As a note, my husband has actually been doing a great job of getting how hard it has been for me this past week, and of telling me that I’m doing a good job. He’s even rubbed my back while saying it some of the times. He’s doing a better and better job of supporting me in ways that make a true difference for me, and it has made a difference. Pregnancy is a very weird even where the mother doesn’t really do anything, not in the active sense of the word. But much is happening within her and with her. So, when I feel stupid for being overwhelmed and like everything is just so hard right now, and I straight up mean that existing is hard, it makes sense. It does sound stupid. But it also is 100% the truth that existing is hard right now. That’s the weirdness of pregnancy. All we have to do it stay alive, and that suddenly becomes one of the hardest things we’ve ever done.

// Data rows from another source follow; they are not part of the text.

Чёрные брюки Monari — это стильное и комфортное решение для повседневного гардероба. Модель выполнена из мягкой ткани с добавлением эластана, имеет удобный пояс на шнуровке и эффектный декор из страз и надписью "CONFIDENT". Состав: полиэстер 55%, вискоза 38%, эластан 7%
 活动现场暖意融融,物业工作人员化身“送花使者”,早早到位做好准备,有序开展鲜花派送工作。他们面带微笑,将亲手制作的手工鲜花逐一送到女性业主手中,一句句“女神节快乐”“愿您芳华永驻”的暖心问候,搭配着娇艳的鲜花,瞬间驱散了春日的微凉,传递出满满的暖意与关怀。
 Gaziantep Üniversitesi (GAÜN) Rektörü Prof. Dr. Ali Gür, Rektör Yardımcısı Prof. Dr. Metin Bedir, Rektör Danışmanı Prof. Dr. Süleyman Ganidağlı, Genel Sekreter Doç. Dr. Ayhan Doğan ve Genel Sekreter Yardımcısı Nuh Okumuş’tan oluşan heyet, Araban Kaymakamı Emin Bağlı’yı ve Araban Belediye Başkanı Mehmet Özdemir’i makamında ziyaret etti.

At least, for some women, that’s how pregnancy goes. It’s a full spectrum, and I can’t even relate to the ladies at the opposite end who feel great and amazing during pregnancy. Yes, I feel absolutely blessed at the miracle happening within me. But I have not enjoyed most of the experiences tied to raising this miracle within me. Grateful? Absolutely. Enjoyment? Rare.

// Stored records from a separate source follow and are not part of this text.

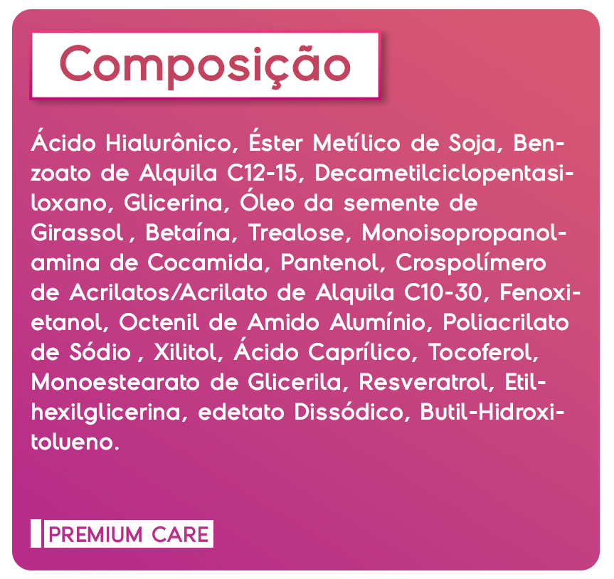 Com a presença do ácido hialurônico, conhecido pela sua alta capacidade de retenção de água, a fórmula ajuda a manter a hidratação da pele ao longo do dia. Esse ativo contribui para uma aparência mais macia e uniforme, auxiliando na redução do aspecto de ressecamento e no suporte à aparência de linhas finas e sinais do tempo, além de proporcionar uma sensação de pele mais suave e confortável.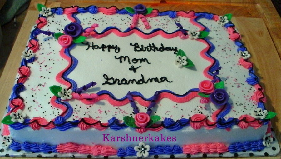 Pink & purple ribbon roses with some little white whimsical flowers. Inspired by several different cakes on here. TFL.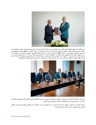 ريغ ةيميلعت ةسسؤمك ،نامجع ةعماج مازتلا راطإ يف يتأت ةكارشلا هذه نأ ريغصلا ميرك روتكدلا دكأ ،ةيقافتلاا عيقوت ىلع هقيلعت يفو

So, anyway, it’s coming. 🙂

Oh, and my husband even said tonight that my belly is clearly lower down than it has been. I noticed somewhat yesterday and definitively today that my leggings didn’t fit around my hips anymore, as compared to two days ago. They sat comfortably just below my belly before. But they barely have space to sit there while I’m standing, and they nearly cut off circulation entirely if I sit down with them on, just in that span right below my belly. No wonder my underwear started rolling down in the front so badly yesterday and the day before. Haha I hadn’t even thought of that until just now…

Indeed, it is coming. 😀 ❤

Thank you, God. Please, help my husband pass his tests and do a great job with his learning and training and flying. Guide him clearly forward on this path toward taking care of our family financially while doing something he truly loves. Guide us both clearly and gently as parents to our children and as partners to one another. Make us and the baby well, and keep us all safe, please. In your name, I pray. Amen.

Post-a-day 2025

(Caught it before the number this time, but still at the last second!)

Getting close

It feels like it’s getting close, like it’s about to happen. There’s something final that everything is waiting to have happen, though I’m not fully sure what it is. I have a couple guesses, and I will check them out tomorrow.

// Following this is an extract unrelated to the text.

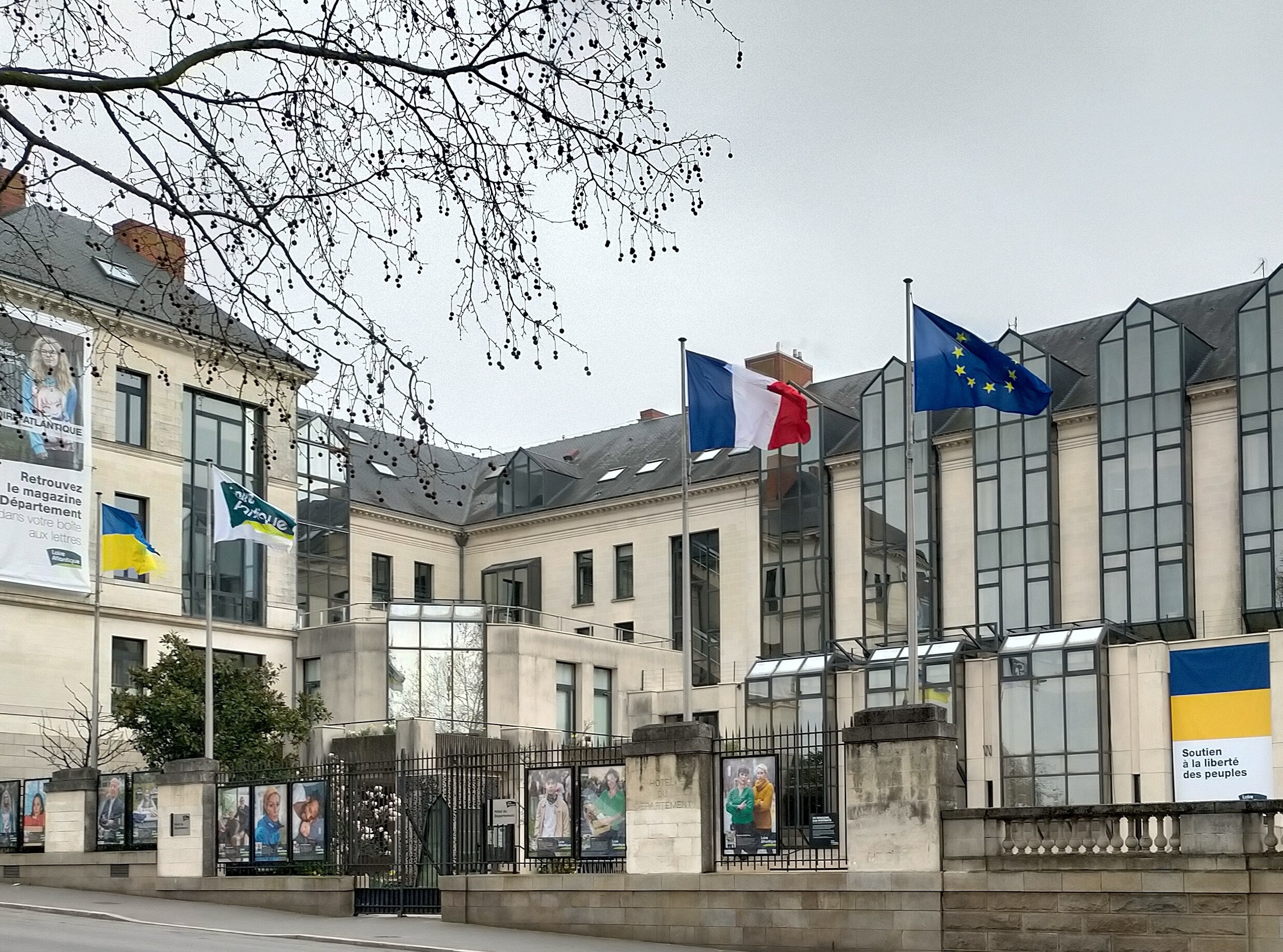 Le Gwenn-ha-du flottait devant l’hôtel du département de Loire-Atlantique avant qu’on lui substitue le drapeau ukrainien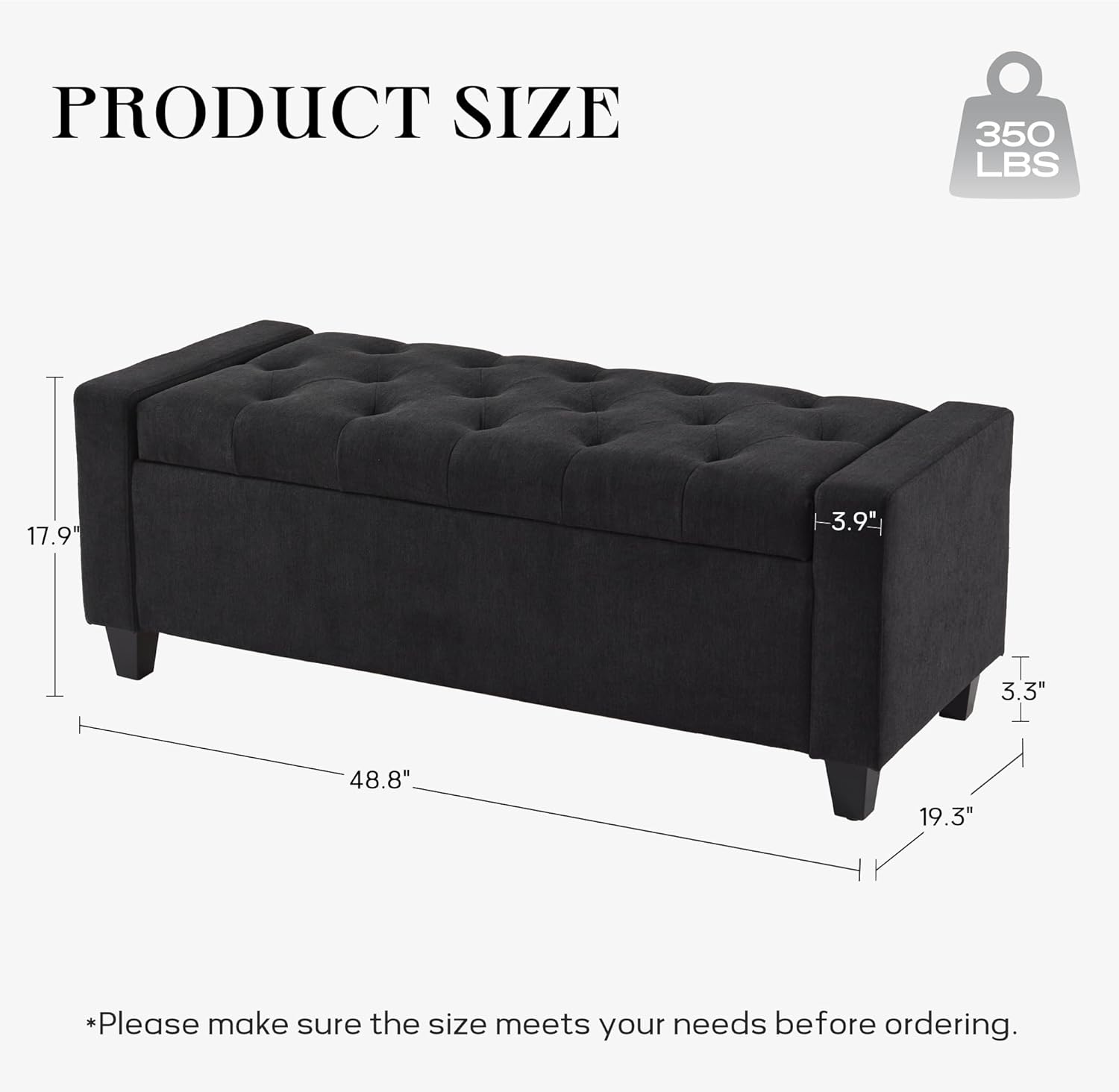 - VERSATILE USE: The bed bench has an upholstered top that is ideal for extra seating, and it also offers hidden storage space for household items. Overall size: 48.8"W x 19.3"D x 17.9"H, interior storage space size: 39.4"W x 16.1"D x 9.8"H. Suitable for any room: bedroom, living room, dining room, entryway

Whatever the case, God, be with us, please, and grant us an easy and safe and comfortable and love-filled labor and delivery and birth. Make me and my husband and the baby well, and keep us safe, please. In your name, I pray. Amen.

Post-a-day 2025

(Barely caught it, right as I was about to hit the four!)

Dirty

Yes, if your head is oily and has a scent of sweat, your head is dirty. Period. And rinsing it with water, which doesn’t take away the scent, does not remove the dirty.